Task brief> Every line from the one containing "Gary Cooper et" through the end of the listing below goes in the output, exactly and without pictures.
Segment Start: Collected material
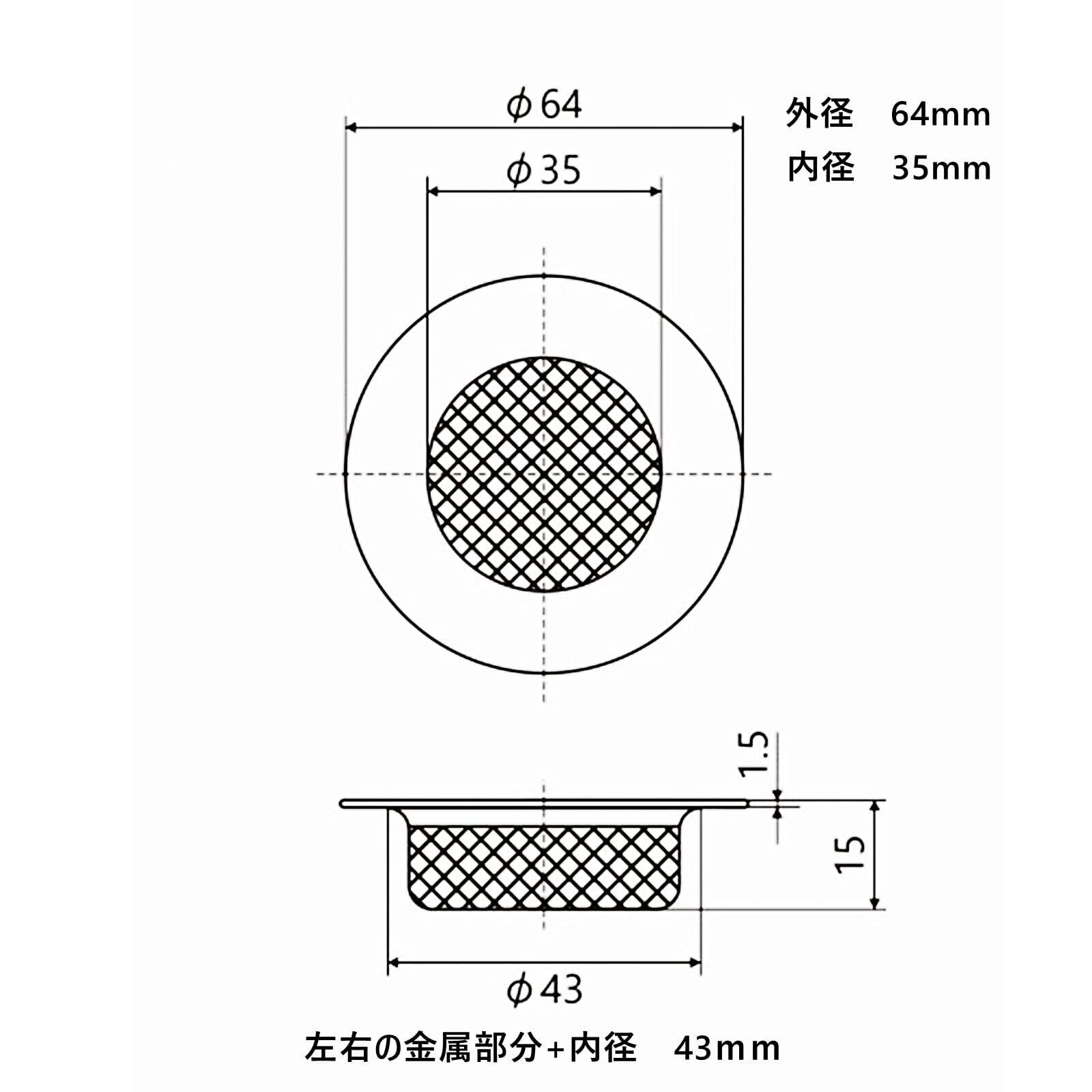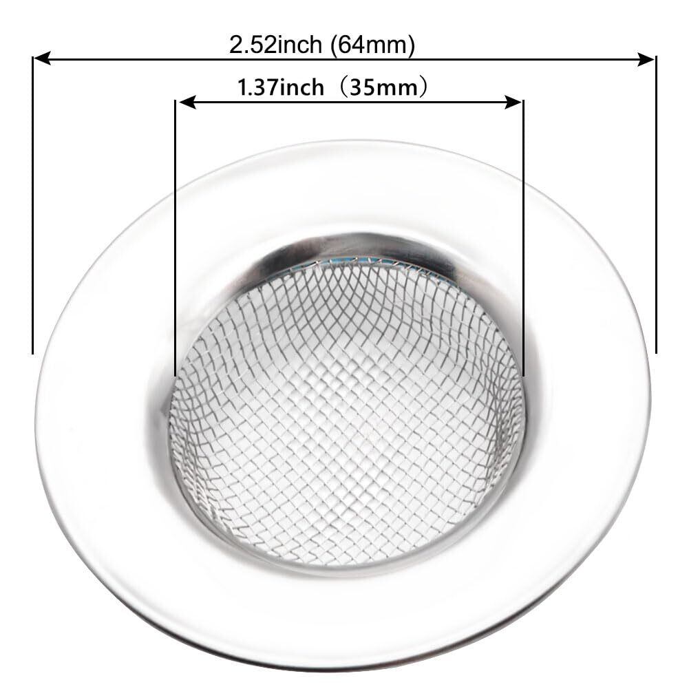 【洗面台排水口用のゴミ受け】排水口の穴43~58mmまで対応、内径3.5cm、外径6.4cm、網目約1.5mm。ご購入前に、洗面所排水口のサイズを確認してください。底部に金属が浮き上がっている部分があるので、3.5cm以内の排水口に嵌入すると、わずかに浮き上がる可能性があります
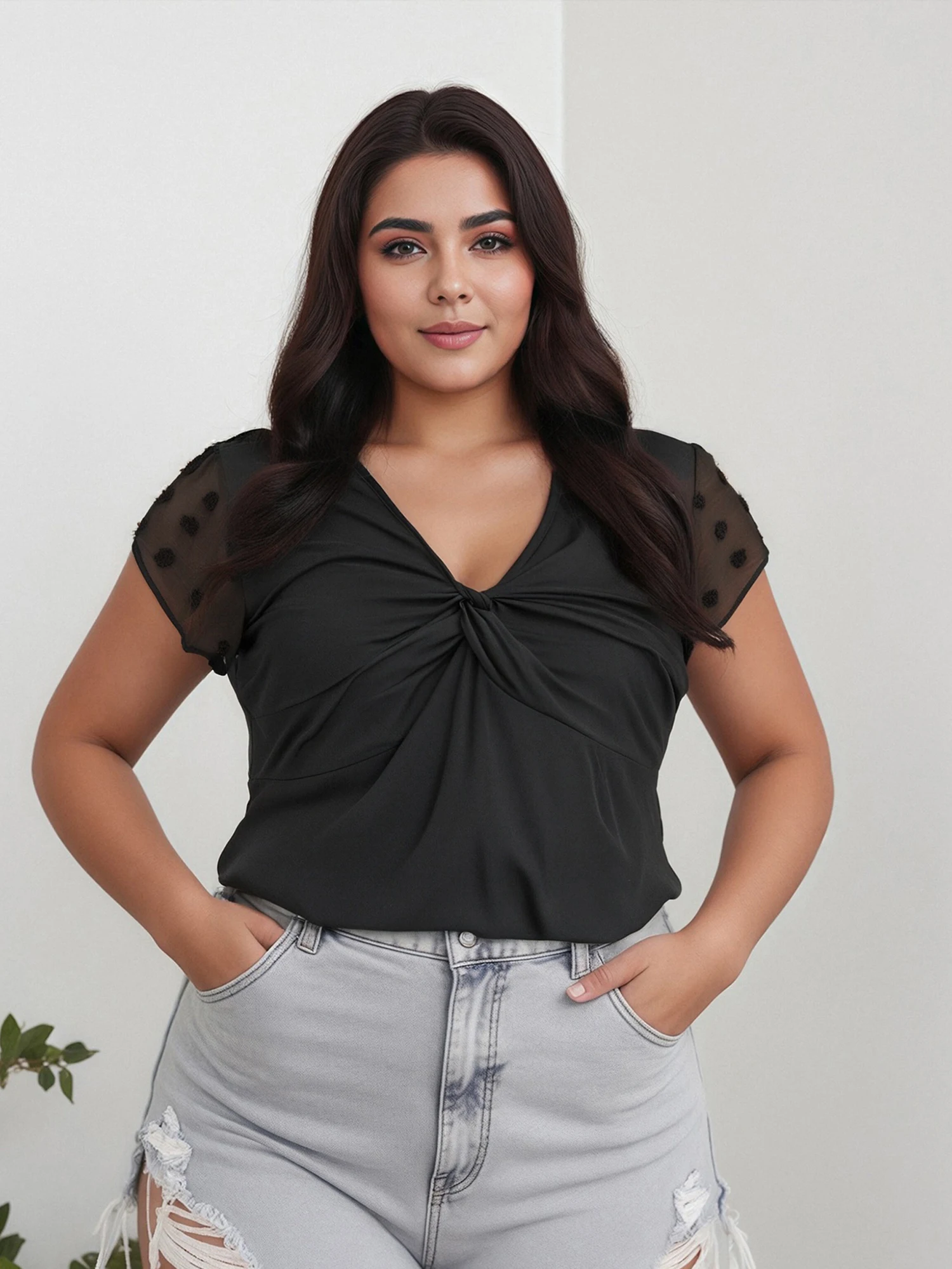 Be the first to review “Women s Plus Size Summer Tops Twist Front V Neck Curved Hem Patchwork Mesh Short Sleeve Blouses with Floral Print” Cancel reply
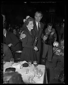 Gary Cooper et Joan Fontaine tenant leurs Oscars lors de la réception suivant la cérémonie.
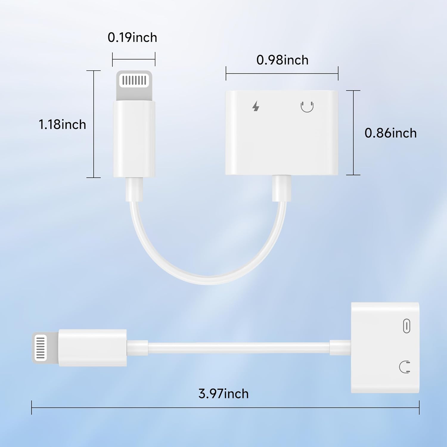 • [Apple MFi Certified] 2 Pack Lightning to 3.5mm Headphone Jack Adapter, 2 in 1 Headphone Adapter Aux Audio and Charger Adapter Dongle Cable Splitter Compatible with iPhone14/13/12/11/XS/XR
Segment End: Collected material
Response area>
 Gary Cooper et Joan Fontaine tenant leurs Oscars lors de la réception suivant la cérémonie.
 • [Apple MFi Certified] 2 Pack Lightning to 3.5mm Headphone Jack Adapter, 2 in 1 Headphone Adapter Aux Audio and Charger Adapter Dongle Cable Splitter Compatible with iPhone14/13/12/11/XS/XR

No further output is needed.